In such a conventional arrangement, the source size cannot be changed with respect to the condenser lens. This is because the voltage difference between the electron emitter and the extraction electrode remains to fixed in order to maintain a stable emission current. As a result, when the electron gun is combined with a probe forming objective lens to form an electron probe for applications such as a scanning electron microscope or an electron beam lithography tool, the choice of the combination of the final probe size and probe current becomes limited. Specifically, final probe size and probe current are coupled and determined by the adjustment of the condenser lens and the probe forming lens. In such a case, only a single curve of probe size vs. probe current may be obtained for each beam limiting objective aperture.

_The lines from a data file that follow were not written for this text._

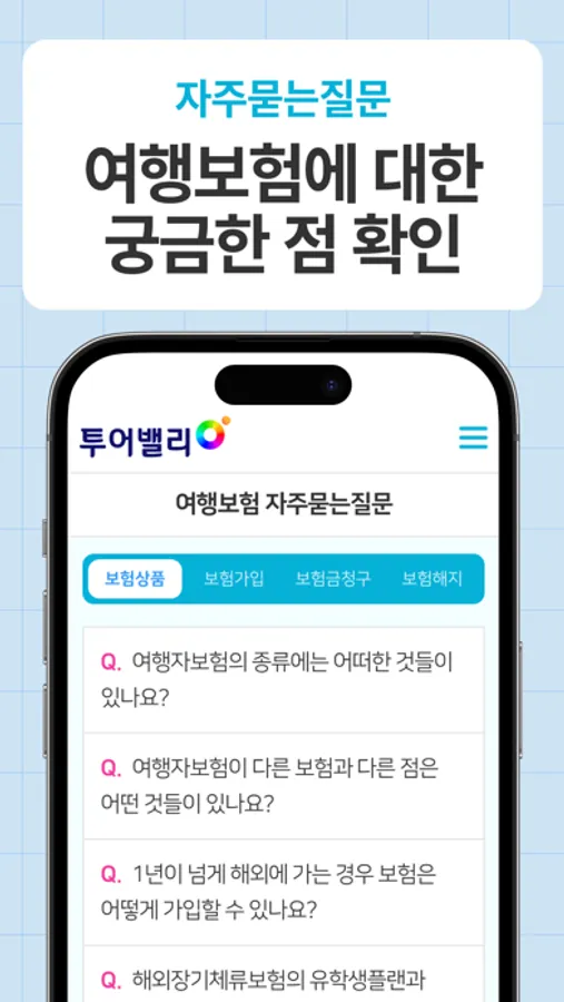 지금 바로 투어밸리 여행자 보험 앱을 만나보세요!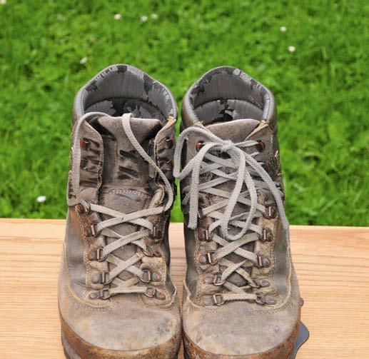 Wichtigstes Kleidungsstück für zu Fuß Reisende sind die Wanderstiefel. Da hat jeder sein Lieblingsmodell. Der eine mag Lederstiefel, der andere Exemplare aus moderneren Materialien. Generell gilt, der Stiefel muss gut sitzen und dem Fuß Halt bieten. Weiterhin soll er atmungsaktiv sein und nach Möglichkeit wasserdicht. Ungeachtet von Marke und Typ gilt für alle Varianten, dass sie jeweils richtig gep egt werden. Ein Bergstiefel muss hart sein, damit er dem ganzen Fuß Halt gewährt, wenn er auch nur mit der Spitze aufgesetzt wird. Einen Teil der Stabilität bekommt er von der Sohle, den anderen vom Oberleder. Daher ist es falsch, das Oberleder weich walken zu wollen. Lederöle sind zwar gut aufzutragen, weichen aber das Leder auf und zerstören so den guten Schuh. Besser sind stark wachshaltige Spezialprodukte, die nur in den oberen Lederschichten eine elastische Schutzschicht aufbauen und die Festigkeit des Leders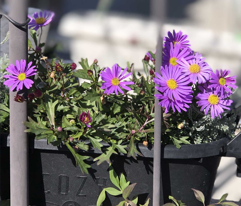 お迎えしたブラキカムがお天道様に首を伸ばして咲いてます💜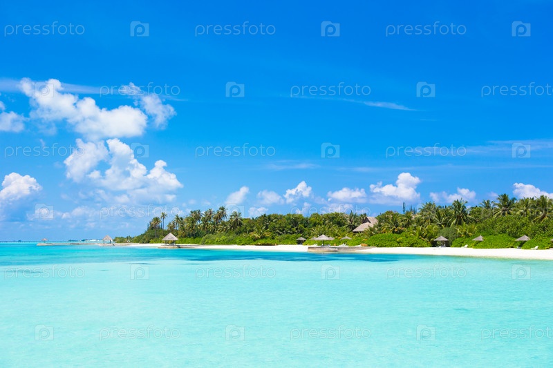 Красивый пляж с белым песком

This is illustrated in FIG. 1, which plots probe size versus probe current for an example of a single aperture.
In electron guns where a magnetic type condenser lens is used in place of the electrostatic type lens, the magnetic field is either far enough from the emitter so that the magnetic field is insignificant to the emitter and thus functionally equivalent to the electrostatic lens, or the emitter is immersed in the magnetic field. For the immersion case, the condenser lens will not only exert collimating action on the electrons post extraction electrode, but also affect electron trajectory before the extraction electrode, causing changes in the virtual source size and its location. As these collimating and trajectory effects are acted upon simultaneously by one lens and cannot be adjusted independently, the benefits of changeable virtual source size cannot be utilized to expand the adjustable range of the final probe size and current. Moreover, this coupling makes determining the actual probe size and current a complex matter.
Achieving greater flexibility and range in the combination of probe sizes and probe currents available to electron beam equipment could be important for many applications. For example, in semiconductor defect inspections, electric voltage contrast imaging demands a suitable choice of probe current and size.
Accordingly, there is a need in the art for improved designs for electron gun apparatuses and methods of forming electron beams.